AIM OF THE EXERCISE:
The lines below should be written out again in full, exactly as they are.

[RECORD EXTRACTS — start]

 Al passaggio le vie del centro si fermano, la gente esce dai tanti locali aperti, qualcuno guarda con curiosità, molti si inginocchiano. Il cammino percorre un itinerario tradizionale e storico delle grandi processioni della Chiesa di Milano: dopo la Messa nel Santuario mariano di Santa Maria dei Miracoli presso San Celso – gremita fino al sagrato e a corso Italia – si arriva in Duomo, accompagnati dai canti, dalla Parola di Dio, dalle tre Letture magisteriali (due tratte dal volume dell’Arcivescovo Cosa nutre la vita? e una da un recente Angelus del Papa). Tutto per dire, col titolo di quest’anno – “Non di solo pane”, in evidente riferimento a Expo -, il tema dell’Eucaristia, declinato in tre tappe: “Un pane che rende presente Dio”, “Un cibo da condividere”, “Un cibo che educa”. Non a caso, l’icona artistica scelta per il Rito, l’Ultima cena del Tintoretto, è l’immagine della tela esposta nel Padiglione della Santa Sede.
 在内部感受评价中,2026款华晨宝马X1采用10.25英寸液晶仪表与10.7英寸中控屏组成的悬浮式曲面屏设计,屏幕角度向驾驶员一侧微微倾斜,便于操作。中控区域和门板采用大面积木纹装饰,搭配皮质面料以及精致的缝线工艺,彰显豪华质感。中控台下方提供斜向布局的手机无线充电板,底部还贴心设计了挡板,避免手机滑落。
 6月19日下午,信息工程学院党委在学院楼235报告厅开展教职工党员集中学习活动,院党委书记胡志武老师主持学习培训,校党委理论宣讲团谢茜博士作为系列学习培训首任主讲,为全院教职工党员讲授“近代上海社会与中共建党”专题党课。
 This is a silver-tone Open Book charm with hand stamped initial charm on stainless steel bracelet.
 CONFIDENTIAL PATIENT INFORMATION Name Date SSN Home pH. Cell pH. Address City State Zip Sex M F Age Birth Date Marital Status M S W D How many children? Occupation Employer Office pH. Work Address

[RECORD EXTRACTS — finish]

ANSWER SPACE:
 Al passaggio le vie del centro si fermano, la gente esce dai tanti locali aperti, qualcuno guarda con curiosità, molti si inginocchiano. Il cammino percorre un itinerario tradizionale e storico delle grandi processioni della Chiesa di Milano: dopo la Messa nel Santuario mariano di Santa Maria dei Miracoli presso San Celso – gremita fino al sagrato e a corso Italia – si arriva in Duomo, accompagnati dai canti, dalla Parola di Dio, dalle tre Letture magisteriali (due tratte dal volume dell’Arcivescovo Cosa nutre la vita? e una da un recente Angelus del Papa). Tutto per dire, col titolo di quest’anno – “Non di solo pane”, in evidente riferimento a Expo -, il tema dell’Eucaristia, declinato in tre tappe: “Un pane che rende presente Dio”, “Un cibo da condividere”, “Un cibo che educa”. Non a caso, l’icona artistica scelta per il Rito, l’Ultima cena del Tintoretto, è l’immagine della tela esposta nel Padiglione della Santa Sede.
 在内部感受评价中,2026款华晨宝马X1采用10.25英寸液晶仪表与10.7英寸中控屏组成的悬浮式曲面屏设计,屏幕角度向驾驶员一侧微微倾斜,便于操作。中控区域和门板采用大面积木纹装饰,搭配皮质面料以及精致的缝线工艺,彰显豪华质感。中控台下方提供斜向布局的手机无线充电板,底部还贴心设计了挡板,避免手机滑落。
 6月19日下午,信息工程学院党委在学院楼235报告厅开展教职工党员集中学习活动,院党委书记胡志武老师主持学习培训,校党委理论宣讲团谢茜博士作为系列学习培训首任主讲,为全院教职工党员讲授“近代上海社会与中共建党”专题党课。
 This is a silver-tone Open Book charm with hand stamped initial charm on stainless steel bracelet.
 CONFIDENTIAL PATIENT INFORMATION Name Date SSN Home pH. Cell pH. Address City State Zip Sex M F Age Birth Date Marital Status M S W D How many children? Occupation Employer Office pH. Work Address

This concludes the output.